Q2. フォークによってビットコインのセキュリティは低下しますか?
計画的なアップグレードとしてのフォークは、むしろセキュリティの向上を目的として実施されることが多いです。ただし、対立によるハードフォークの場合、ハッシュレート(マイニングパワー)が2つのチェーンに分散するため、各チェーンのセキュリティが一時的に低下する可能性はあります。ビットコインの場合、主要チェーン(BTC)にハッシュレートの大部分が残ったため、実質的なセキュリティへの影響は限定的でした。
Q3. ソフトフォークで新しい暗号資産が誕生することはありますか?
通常、ソフトフォークではチェーンが分裂しないため、新しい暗号資産は誕生しません。ソフトフォークは後方互換性を持つ変更であるため、アップグレードしていないノードも同じチェーン上で動作し続けることができます。チェーンの分裂と新トークンの誕生は、ハードフォーク特有の現象です。

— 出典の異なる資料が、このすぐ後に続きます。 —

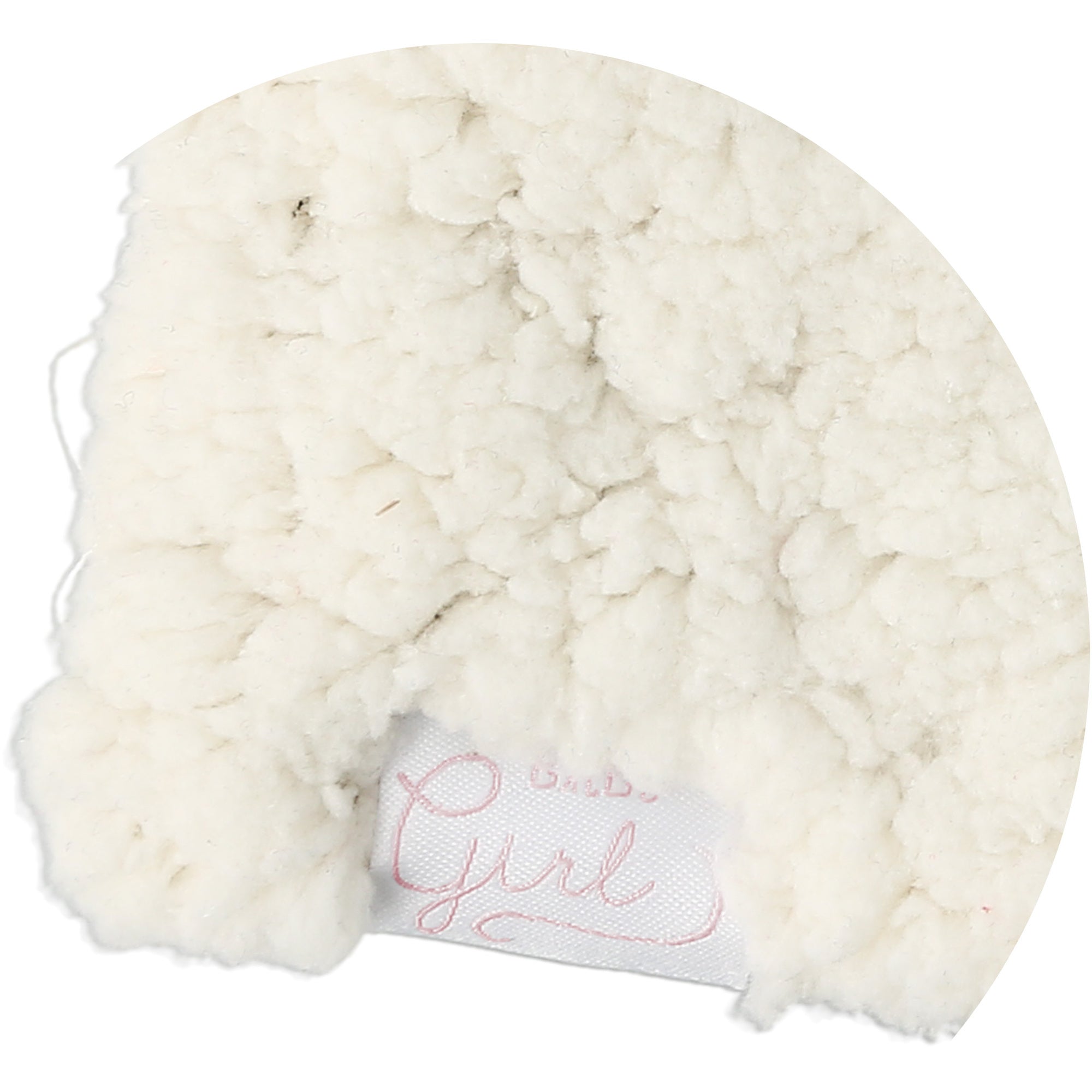 - PREMIUM QUALITY: This one-size-fits-most 6-12 month hat measures 18 inches in circumference or 9" long x 6" tall while laying flat. This fluffy, cozy, warm winter hat has a 100% polyester fleece lining and a white sherpa exterior. The 2.25" tall x 2" wide ears stick off the sides of the top of the hat.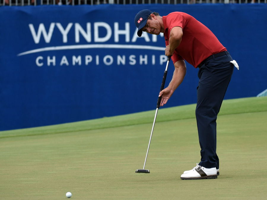 Aug 15, 2021; Greensboro, North Carolina, USA; Adam Scott putts on the ninth hole during the final round of the Wyndham Championship golf tournament. Mandatory Credit: Rob Kinnan-USA TODAY Sports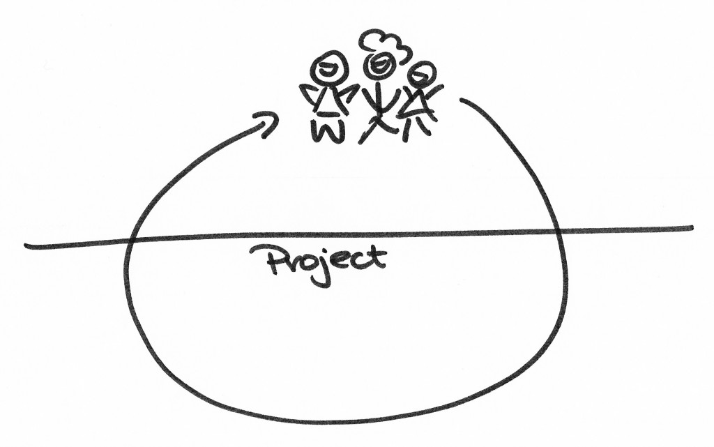 • The upper half of the circle represents time spent outside the project. Preparing for the voyage. And getting the results back to the place where it is needed.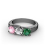 Pembe kuvars, beyaz zirkon ve yeşil kuvars 925 ayar siyah rodyum kaplama gümüş yüzük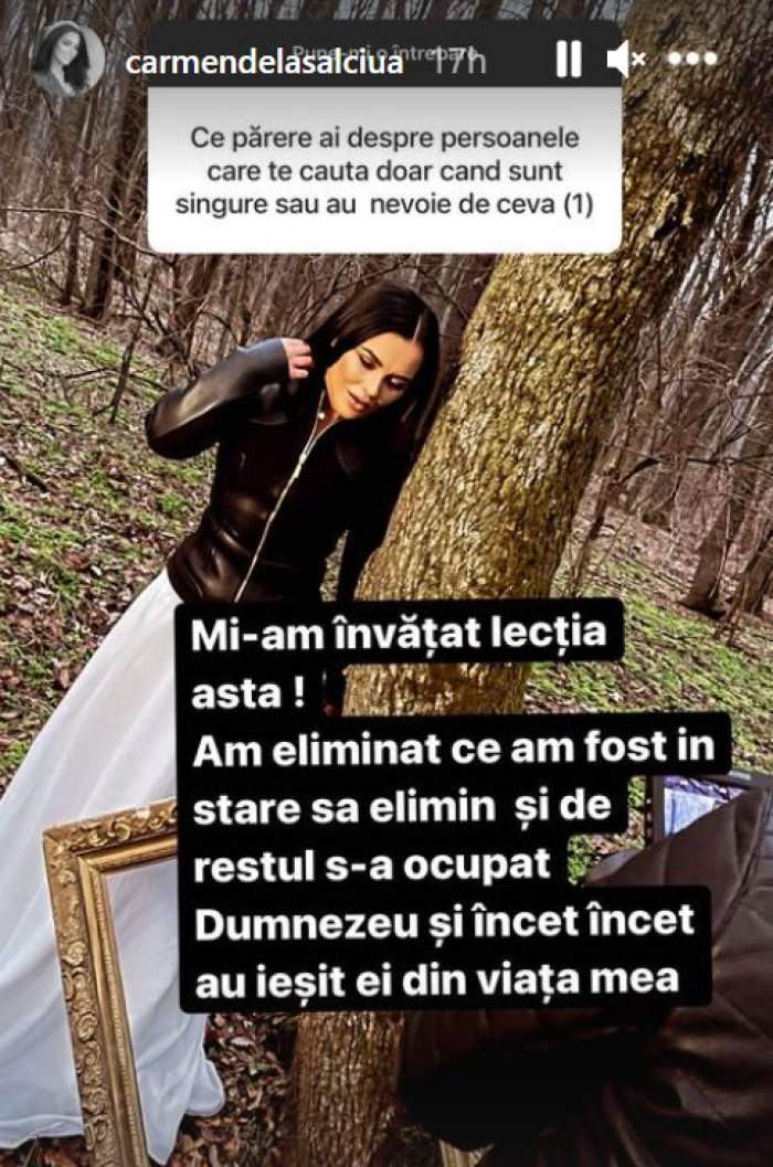 Ba mai mult, vedeta și-a îndemnat fanii să elimine din viața lor persoanele toxice, care nu sunt de încredere și să fie mai prudenți când vine vorba de relațiile cu cei din jur. De asemenea, Carmen de la Sălciua îi învață mereu pe internauți că fără credință și rugăciune, nu își vor găsi liniștea sufletească.

Q4. イーサリアムのアップグレードは今後もフォーク形式で行われますか?
はい、イーサリアムのロードマップに含まれる今後のアップグレードも、ハードフォーク形式で実施される見込みです。ただし、これらはコミュニティの広い合意に基づいて計画的に行われるため、チェーンの分裂は想定されていません。イーサリアムの開発チームは、十分なテストと合意形成のプロセスを経てからアップグレードを実施する方針を取っています。

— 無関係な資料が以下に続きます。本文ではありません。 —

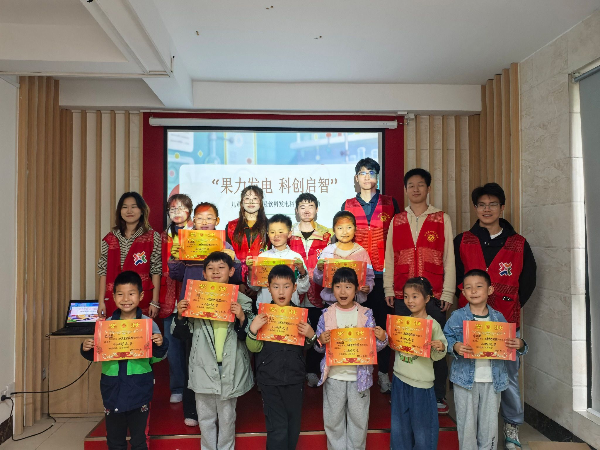 赴合肥市淝河镇席井村党群服务站,开展“果力发电 科创启智”社区儿童科普实验活动。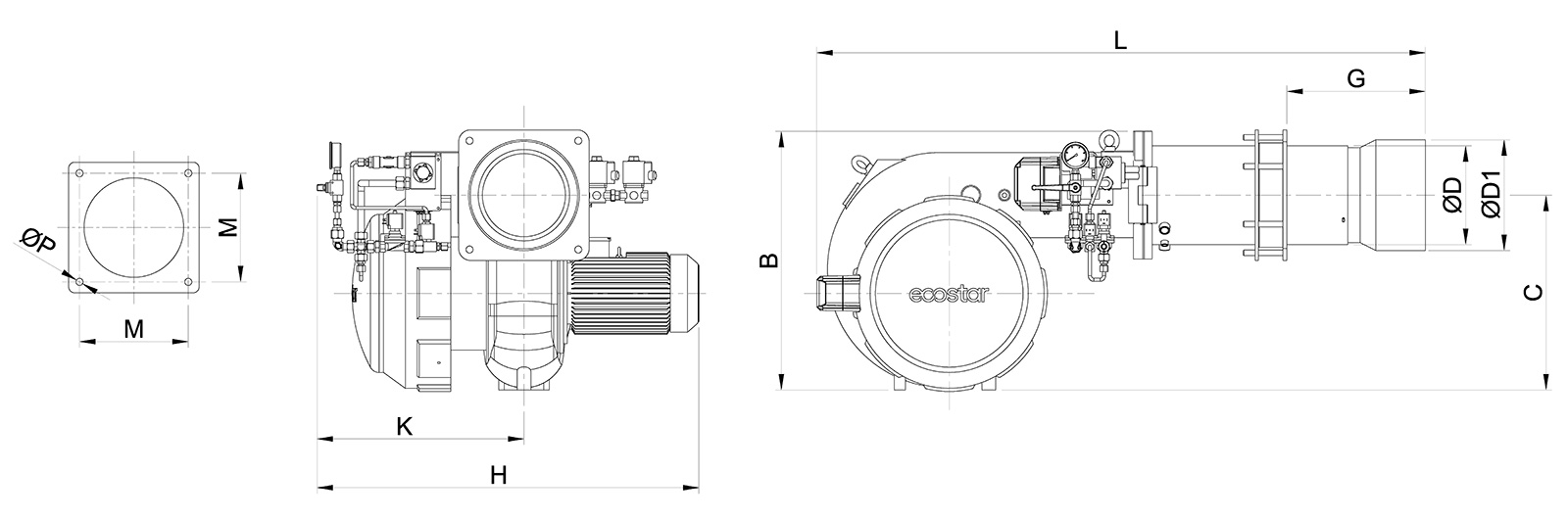 | * | L | Gmin | Gmax | H | K | B | C | ØP | M | ØD | ØD1 |

Q5. フォークが近い暗号資産は買いですか?売りですか?
フォークに伴う価格変動は予測が困難であり、一概に「買い」や「売り」と判断することはできません。過去の事例では「フォーク前に期待で上昇、フォーク後に事実売り」というパターンが見られることもありましたが、必ずしもすべてのケースに当てはまるわけではありません。フォークに関する投資判断は、フォークの性質、市場全体の動向、ご自身のリスク許容度を総合的に考慮した上で行ってください。

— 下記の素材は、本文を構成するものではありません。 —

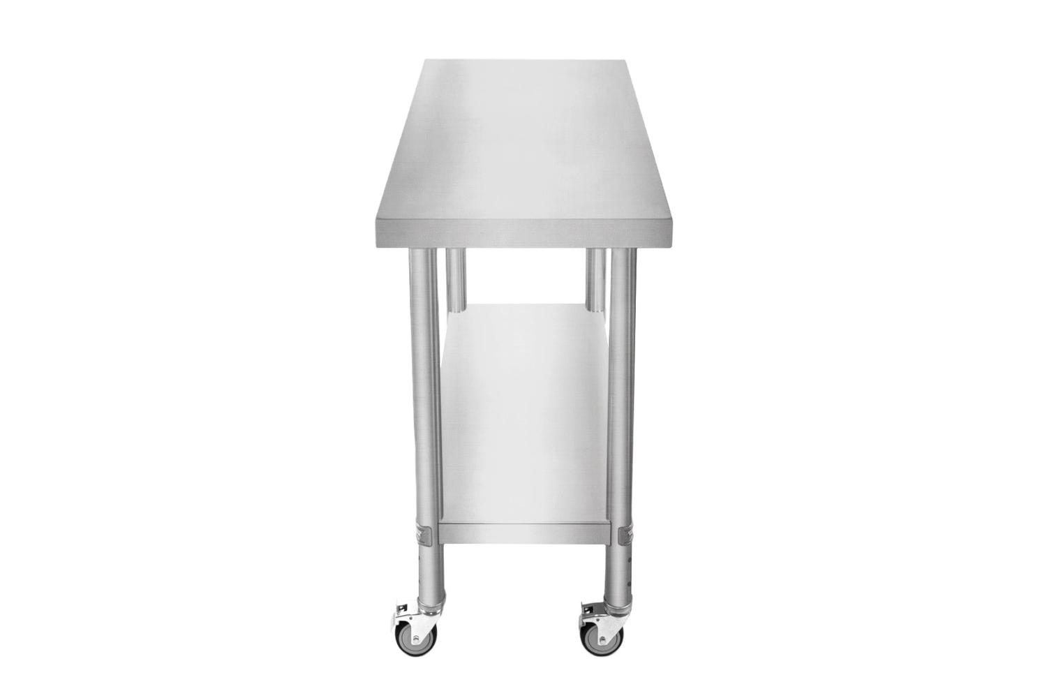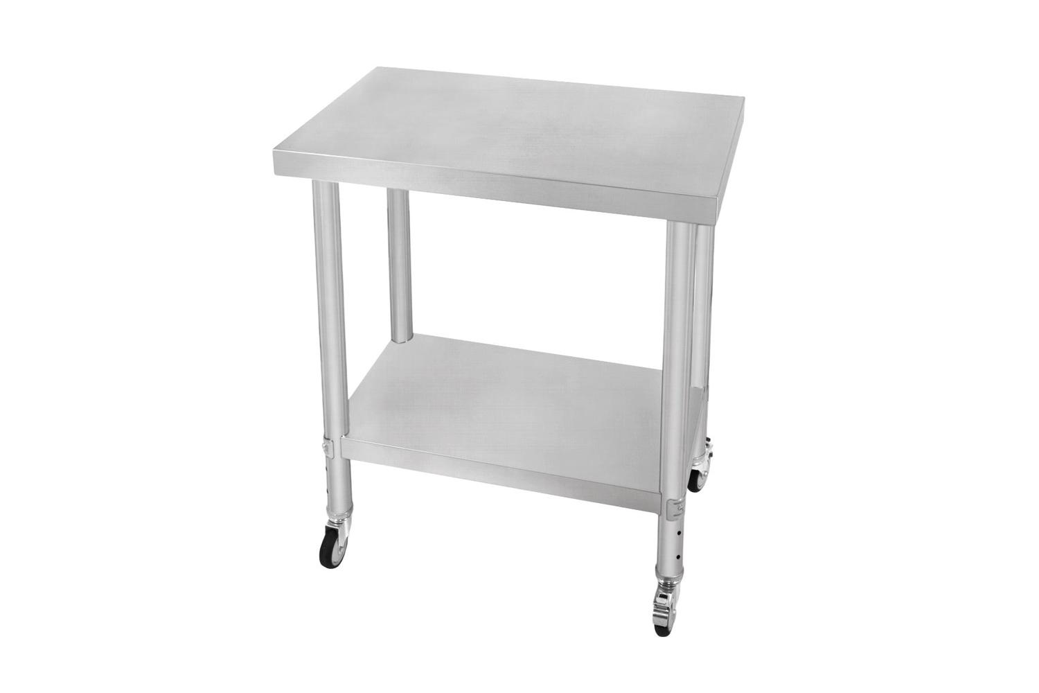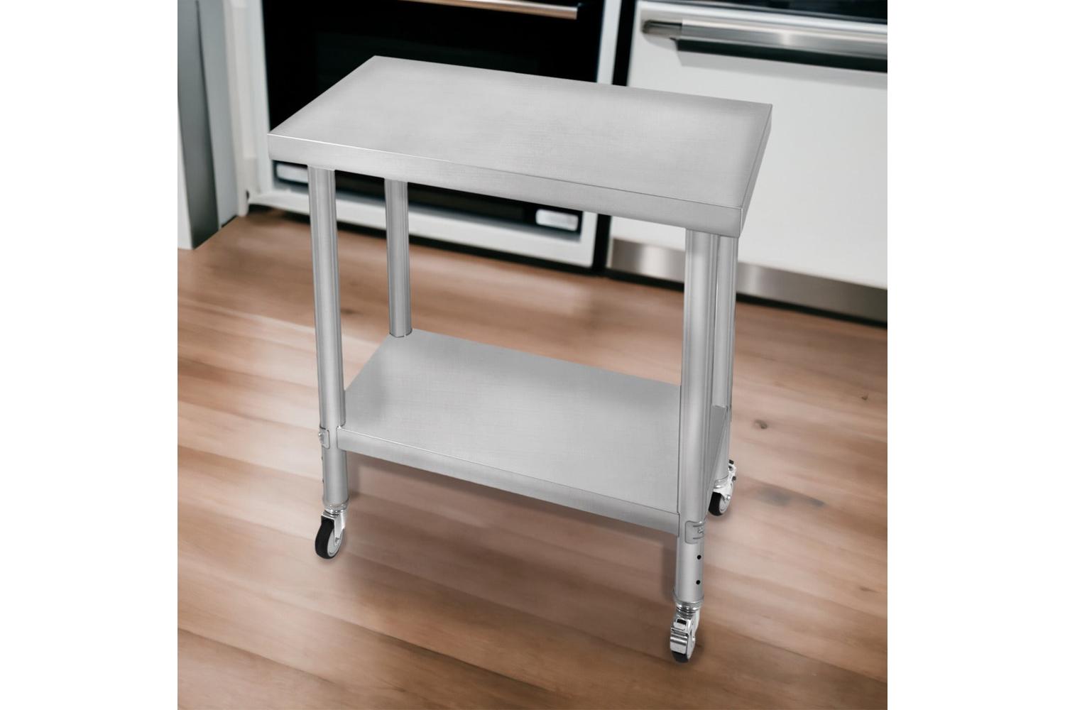 Thanks to the inclusion of an advantageous undershelf, storage is thoughtful and space-saving. It securely accommodates your culinary supplies, equipment, or small appliances offering you easy access. Further enhancing its versatility are the four caster wheels which grant smooth manoeuvrability around the workspace. Two of these wheels have brakes to ensure a stable, secure surface when the table is stationary.

Q6. ビットコインキャッシュはビットコインより優れているのですか?
ビットコインキャッシュは大きなブロックサイズを採用し、低い手数料でのオンチェーン決済を重視しています。一方、ビットコインはブロックサイズを小さく保ちつつ、ライトニングネットワークなどのL2でスケーリングするアプローチを取っています。どちらが「優れている」かは、価値保存手段としての堅牢性を重視するか、日常決済手段としての利便性を重視するかによって評価が異なります。市場の評価としては、時価総額の差が示す通り、ビットコイン(BTC)のアプローチが広く支持されている状況です。
※本記事は情報提供を目的としており、投資を推奨するものではありません。暗号資産への投資は元本割れのリスクがあります。投資判断はご自身の責任で行ってください。